Indeed, Washington has poured record amounts of stimulus into the U.S.
economy since 2001, especially by driving interest rates down to 50-year
lows and keeping them there, and by turning a modest federal budget
surplus into enormous deficits. The result, however, hasn’t even been
close to record growth.
A genuine economic cure involves encouraging not more consumer spending
but more production, the basis of which must come from more innovation.
And as numerous inventors, intellectual property-based companies, and
universities have told legislators, if the Patent Reform Act passes,
they’ll have to think hard before investing in new R&D – because their
breakthroughs will become much easier to steal.
The proposed patent reform now before the Senate (S.1145) takes the
stability and predictability of our 200-year-old,
Constitutionally-mandated patent system and throws it away. Among its
most objectionable features, the bill would create new procedures to
challenge the validity of a patent throughout its entire life. In other
words, neither inventors nor investors could ever know whether they own
a valid patent.
The bill would also create significant new obstacles for patent holders
seeking to enforce their rights or win just compensation from
intellectual property thieves. In particular, a higher bar would be
established for proving “willful infringement,” whose stiff penalties
are powerful deterrents. More important, the legislation also greatly
restricts time-honored litmus tests used by judges to determine
infringement damages, and replaces them with methodologies that reduce
the value assigned to patented technologies in most products. Thus the
rewards of innovation would be further limited.
And, as if foreign intellectual property theft was not already epidemic,
the bill would require Internet posting of pending patent applications
for all the world to see while the U.S. Patent Office deliberates. If
this patent reform succeeds, foreign intellectual property thieves –
whose increasingly bold piracy Washington has fought for decades – would
get a long, free look at the nuts and bolts of America’s newest
inventions. Could anyone imagine a better way to supercharge the
competitiveness of foreign economies at the expense of U.S.
entrepreneurs and working people?
America’s founding fathers knew that the nation’s prosperity and
security would depend heavily on a financial/technological covenant:
Private sector inventors would bear the financial risks needed to create
valuable new products and processes, and government would ensure that
their successes reaped appropriate returns. That’s precisely why the
Constitution itself charged Congress with creating and overseeing a
strong patent, trademark, and copyright system in the first place.

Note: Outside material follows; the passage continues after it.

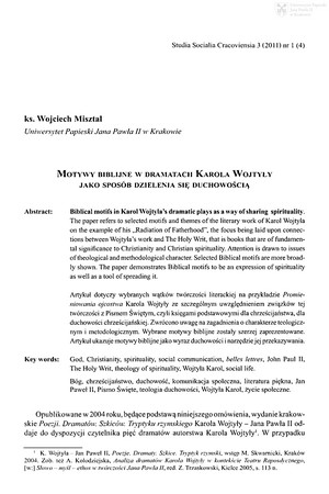 Motywy biblijne w dramatach Karola Wojtyły jako sposób dzielenia się duchowościąMotywy biblijne w dramatach Karola Wojtyły jako sposób dzielenia się duchowością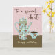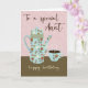 This is a birthday card for an Aunt with a blue coffee pot and cup decorated in folkart influenced flowers, birds and bees. The background is a soft pink designed wallpaper and brown table with the text ‘To a Special Aunt, Happy Birthday.’

Moreover, contrary to the claims of the patent “reformers,” over the
last two centuries, Congress, the Patent Office, and the courts have
understood the need to change with the times. Especially during the last
50 years, they have put into effect scores of legal and regulatory
changes to accommodate and further stimulate technology’s rapid
evolution.
With the economy now so deeply troubled, America needs increased
innovation – and the new factories, jobs, and other forms of genuine
wealth it creates – more than ever.
Scrapping the Patent Reform Act will safeguard the time-tested, dynamic
patent system that has given U.S. inventors and businesses the
incentives needed to make America the world’s long-reigning technology
leader. Approving the legislation will undo this historic achievement,
and deepen our dangerous national addiction to financial gimmickry,
foreign capital, and skyrocketing national and personal debt.
Alan Tonelson is a Research Fellow at the U.S. Business and Industry
Council Educational Foundation in Washington, D.C. A contributor to the
Council’s AmericanEconomicAlert.org Web site, he is also a consultant to
CNN anchor Lou Dobbs and the author of The Race to the Bottom (Westview
Press, 2000). The views expressed here are his own.